**Activity**: Search the data below, and report every line in which "this" occurs.

**Provided information**:
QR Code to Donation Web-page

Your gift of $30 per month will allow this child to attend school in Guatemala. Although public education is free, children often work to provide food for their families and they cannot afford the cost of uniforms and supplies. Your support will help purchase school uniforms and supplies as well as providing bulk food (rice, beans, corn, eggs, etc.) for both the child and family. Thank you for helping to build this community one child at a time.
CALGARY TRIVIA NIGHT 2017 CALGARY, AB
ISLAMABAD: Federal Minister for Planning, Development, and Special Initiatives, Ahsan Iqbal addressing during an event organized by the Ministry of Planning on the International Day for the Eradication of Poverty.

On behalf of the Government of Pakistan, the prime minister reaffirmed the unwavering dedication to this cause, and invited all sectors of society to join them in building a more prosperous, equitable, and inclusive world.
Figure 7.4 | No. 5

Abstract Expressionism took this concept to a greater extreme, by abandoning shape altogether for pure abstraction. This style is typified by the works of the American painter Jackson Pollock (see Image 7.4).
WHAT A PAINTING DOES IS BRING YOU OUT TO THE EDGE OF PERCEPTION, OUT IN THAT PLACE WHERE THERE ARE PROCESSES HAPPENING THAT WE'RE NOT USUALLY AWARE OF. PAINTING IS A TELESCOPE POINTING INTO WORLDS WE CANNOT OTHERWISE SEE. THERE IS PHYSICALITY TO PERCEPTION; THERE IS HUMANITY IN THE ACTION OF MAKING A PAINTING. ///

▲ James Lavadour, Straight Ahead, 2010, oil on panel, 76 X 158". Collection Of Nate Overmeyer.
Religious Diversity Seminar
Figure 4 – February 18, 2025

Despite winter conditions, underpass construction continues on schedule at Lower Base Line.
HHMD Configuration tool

---

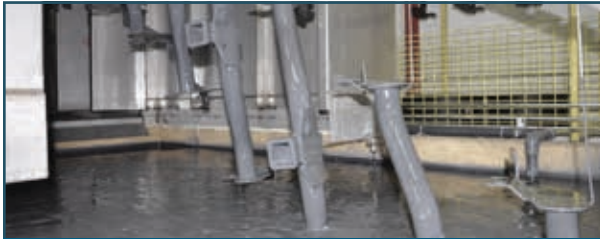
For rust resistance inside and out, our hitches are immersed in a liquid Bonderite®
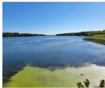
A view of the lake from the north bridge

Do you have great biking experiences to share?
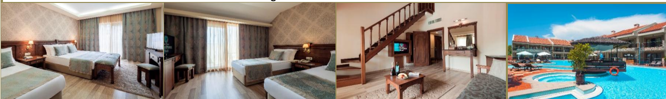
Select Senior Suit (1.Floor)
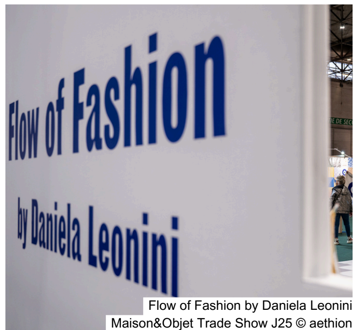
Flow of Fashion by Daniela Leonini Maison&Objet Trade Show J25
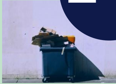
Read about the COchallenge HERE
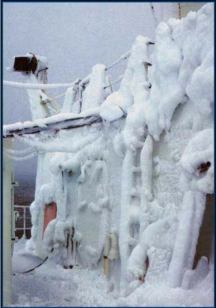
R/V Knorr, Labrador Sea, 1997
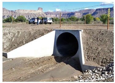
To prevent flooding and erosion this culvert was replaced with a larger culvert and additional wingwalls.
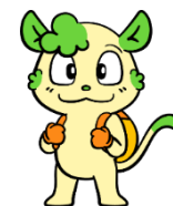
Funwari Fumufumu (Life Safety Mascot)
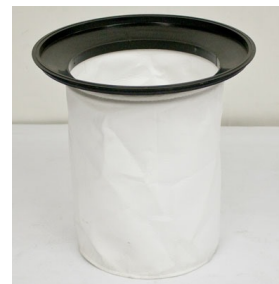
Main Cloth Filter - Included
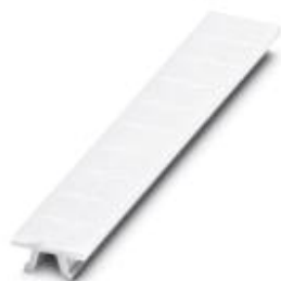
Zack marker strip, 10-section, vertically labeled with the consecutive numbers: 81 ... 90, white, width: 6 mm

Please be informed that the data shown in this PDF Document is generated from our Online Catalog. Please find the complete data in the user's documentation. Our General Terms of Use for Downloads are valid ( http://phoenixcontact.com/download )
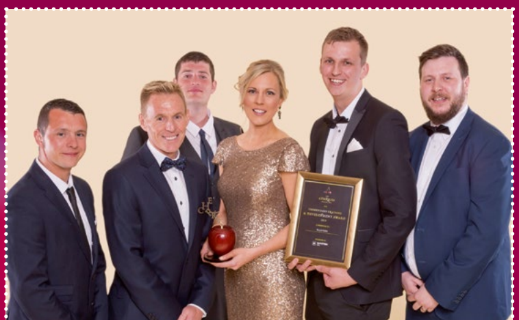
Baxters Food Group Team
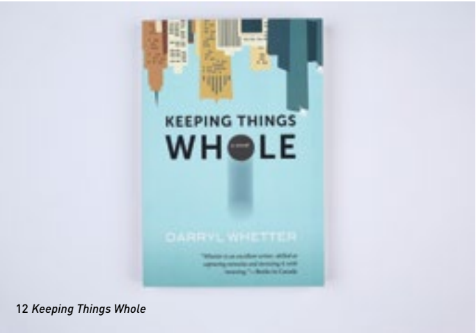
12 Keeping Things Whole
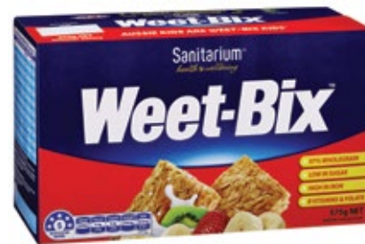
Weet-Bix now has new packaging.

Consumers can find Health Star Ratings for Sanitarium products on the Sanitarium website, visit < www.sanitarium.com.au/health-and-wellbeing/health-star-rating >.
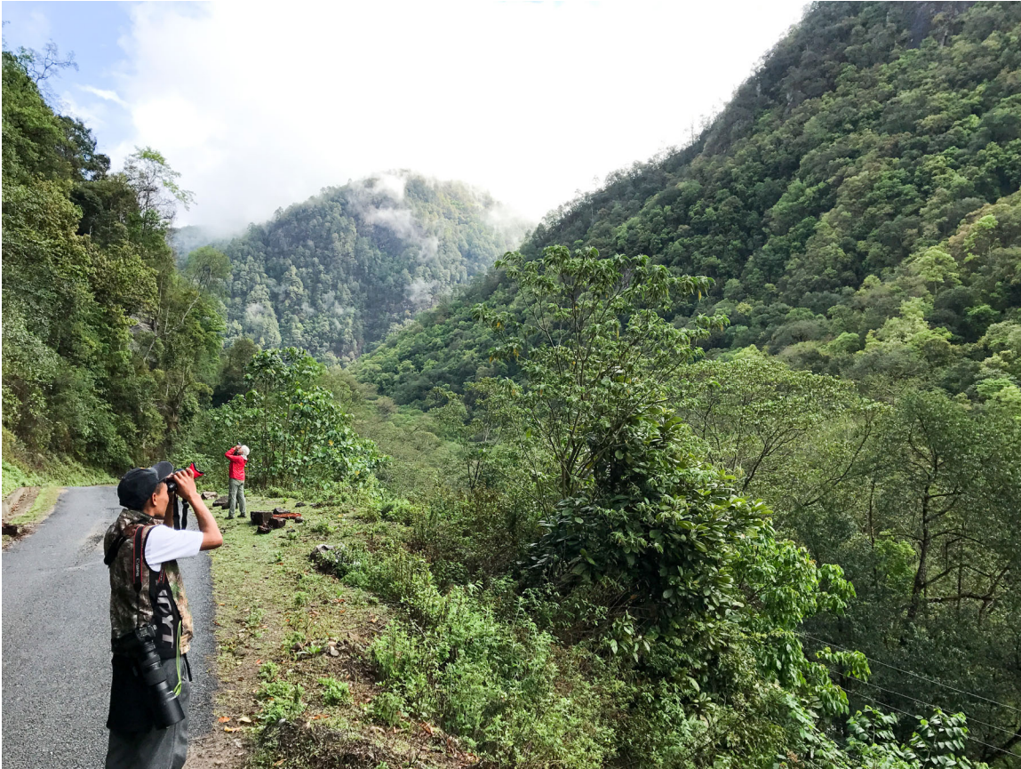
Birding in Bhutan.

**Output below**:
Your gift of $30 per month will allow this child to attend school in Guatemala. Although public education is free, children often work to provide food for their families and they cannot afford the cost of uniforms and supplies. Your support will help purchase school uniforms and supplies as well as providing bulk food (rice, beans, corn, eggs, etc.) for both the child and family. Thank you for helping to build this community one child at a time.
On behalf of the Government of Pakistan, the prime minister reaffirmed the unwavering dedication to this cause, and invited all sectors of society to join them in building a more prosperous, equitable, and inclusive world.
Abstract Expressionism took this concept to a greater extreme, by abandoning shape altogether for pure abstraction. This style is typified by the works of the American painter Jackson Pollock (see Image 7.4).
To prevent flooding and erosion this culvert was replaced with a larger culvert and additional wingwalls.
Please be informed that the data shown in this PDF Document is generated from our Online Catalog. Please find the complete data in the user's documentation. Our General Terms of Use for Downloads are valid ( http://phoenixcontact.com/download )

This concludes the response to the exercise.